Work task:
In the entries below, spot each line with the word "agricultural" and copy it.

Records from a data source
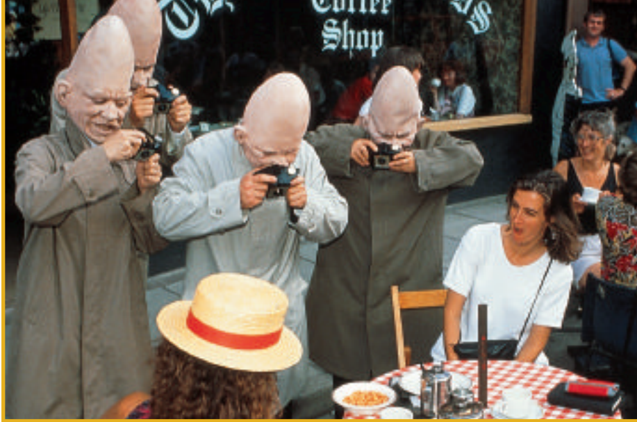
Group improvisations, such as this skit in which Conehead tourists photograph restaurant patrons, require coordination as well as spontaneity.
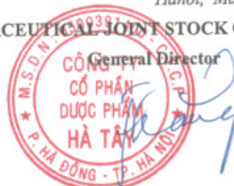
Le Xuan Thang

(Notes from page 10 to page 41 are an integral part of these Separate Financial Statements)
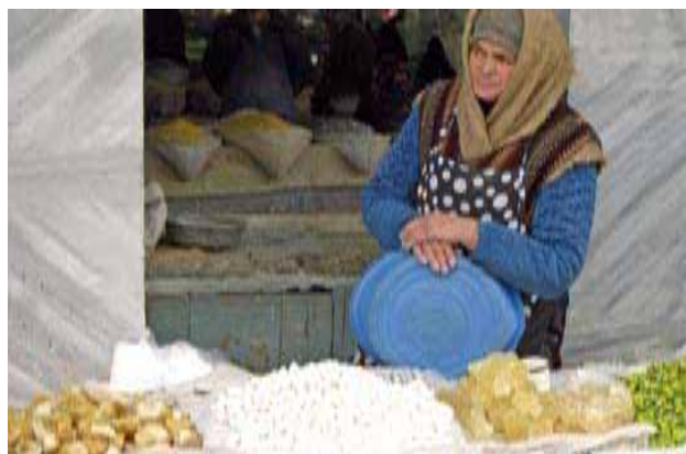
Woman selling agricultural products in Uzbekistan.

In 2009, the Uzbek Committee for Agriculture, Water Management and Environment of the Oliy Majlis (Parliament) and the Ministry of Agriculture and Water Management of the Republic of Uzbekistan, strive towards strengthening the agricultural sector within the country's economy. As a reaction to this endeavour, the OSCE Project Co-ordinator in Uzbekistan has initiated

Task result:
Woman selling agricultural products in Uzbekistan.
In 2009, the Uzbek Committee for Agriculture, Water Management and Environment of the Oliy Majlis (Parliament) and the Ministry of Agriculture and Water Management of the Republic of Uzbekistan, strive towards strengthening the agricultural sector within the country's economy. As a reaction to this endeavour, the OSCE Project Co-ordinator in Uzbekistan has initiated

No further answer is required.